One of the strongest scholarly theories places its original location at Udayagiri in present-day Madhya Pradesh. Researchers including Meera I. Dass and R. Balasubramaniam have argued that archaeological, inscriptional and iconographic evidence points towards Udayagiri as the monument's first home. The theory fits well with the pillar's association with Vishnu worship and Chandragupta II, both of which were closely linked to the Udayagiri region during the Gupta period. The monument's arrival in Delhi forms an important part of local historical tradition. Delhi's historical traditions associate the pillar with Anangpal Tomar, the 11th-century ruler credited with founding Lal Kot, the earliest fortified settlement of Delhi.

According to these accounts, Anangpal transported the pillar from its earlier location and installed it in his capital.While scholars continue to debate the precise route by which the monument reached Delhi, most agree that it originated elsewhere and was relocated centuries after its creation. Moving a six-tonne iron pillar across hundreds of kilometres of medieval India would itself have been an extraordinary engineering accomplishment. Older than the Qutb Minar itself The Iron Pillar had already stood for centuries before the construction of the Qutb Minar began around 1199 CE under Qutb al-Din Aibak.

Its presence within the complex creates a remarkable historical overlap between the Gupta Empire and the Delhi Sultanate. While the Qutb Minar became one of India's most recognisable monuments, the Iron Pillar remained an even older witness to the country's history. A living monument to ancient Indian science For nearly sixteen centuries, the Iron Pillar has watched empires rise and fall.

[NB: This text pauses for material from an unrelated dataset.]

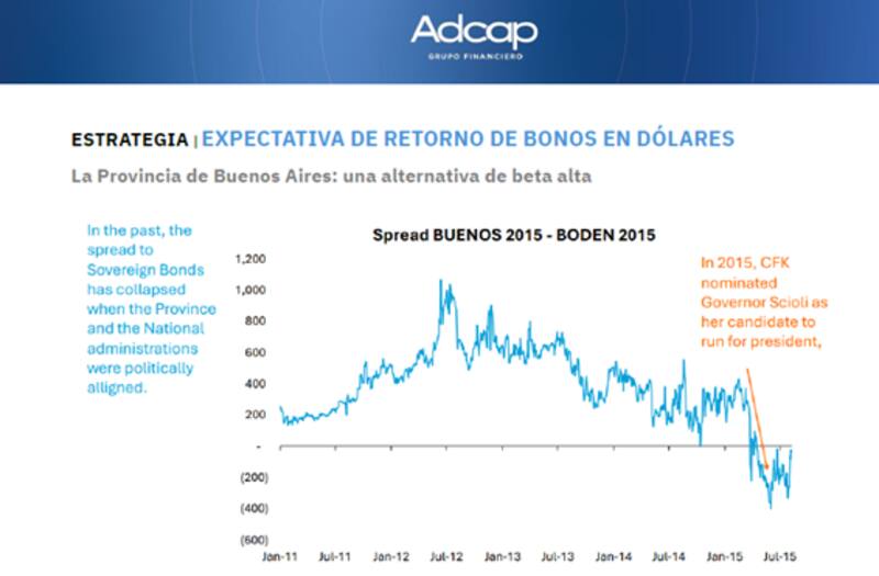 Los analistas de Adcap Grupo Financiero explicaron que, en el pasado, el spread de tasas entre los bonos de la Provincia de Buenos Aires y el de Nación comprimieron a cero cuando los dos gobiernos representaban el mismo partido político, es decir, en la experiencia del macrismo en Nación y de María Eugenia Vidal en la provincia.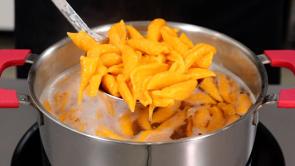 Эти клёцки получают в результате яркий оранжевый оттенок и обладают ненавязчивым ароматом. Пробуйте и делитесь вашими впечатлениями!

It stood during the age of Chandragupta II Vikramaditya, witnessed the emergence of Rajput kingdoms, survived the Delhi Sultanate and Mughal Empire, endured British rule and remains standing in independent India. Professor R. Balasubramaniam, whose pioneering research helped explain the pillar's corrosion resistance, described it as "a living testimony to the skill of metallurgists of ancient India." Few monuments illustrate that achievement more vividly. More than 1,600 years after it was erected, the Iron Pillar continues to stand as a symbol of India's scientific ingenuity, engineering excellence and enduring cultural heritage.